As for the rest of the Lightning’s picks, they went a variety of different directions with their other six picks.
Due to the Ryan McDonagh trade with the Rangers in February 2018, the Lightning didn’t hold a second round pick. However, the Miller trade gave them an extra third rounder, which they used to select Swedish goaltender Hugo Alnefelt from HV-71 of the Swedish Junior league. The 6’3″ netminder helped backstop the Swedes to a gold medal at the IIHF World U18 Championships. He’s considered raw, but the Lightning are in no rush to hurry him over to Tampa.

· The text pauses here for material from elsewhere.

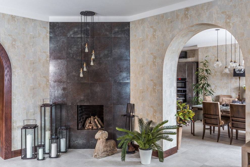 Является очень популярным отделочным вариантом для проема без дверей. Искусственный или натуральный камень, например, известняк, мрамор, малахит и многие другие, привнесут в обстановку нотки Средневековья и сформируют неповторимый дизайн, чаще всего применяемый для деревенского стиля кантри или прованс.

With their original third round choice, they chose 5’11”, 185-pound RW Maxim Cajkovic from Saint John of the QMJHL. Playing in his first season of major junior after arriving in North America from Slovakia, Cajkovic put up decent, but not great numbers on a terrible team. He led the Sea Dogs with 22 goals and 46 assists. Cajkovic is considered highly-skilled and fast, but had trouble adjusting to being on a rebuilding team. There were a few instances when he was even a healthy scratch. He’ll be an interesting player to watch next season.
With their next two picks, the Lightning selected a pair of defensemen.
In the fourth round, they chose Max Crozier, a 6’1″ right-handed puck mover from Sioux Falls of the USHL. Committed to Providence College, he’s also a bit of a project, but has some mobility you like to see in a modern day NHL defenseman. In the sixth round, they chose Quinn Schmiemann, a 6’2″ lefty from Kamloops of the WHL. There’s a whole lot of steadiness and little flash to his game.
In the seventh round, the Bolts made their last two selections. They took a flyer on 6’4″ Mikhail Shalagin from the Russian Junior league. He scored 48 goals this past season, but it was against lesser competition. It’ll be intriguing to see how he fares against better competition down the line. With their final selection, they ventured back to the USHL well, where they chose 5’10” forward McKade Webster from the Green Bay Gamblers. A Denver University commit, Webster is a small, skilled forward who will be given plenty of time to develop his game and put on muscle.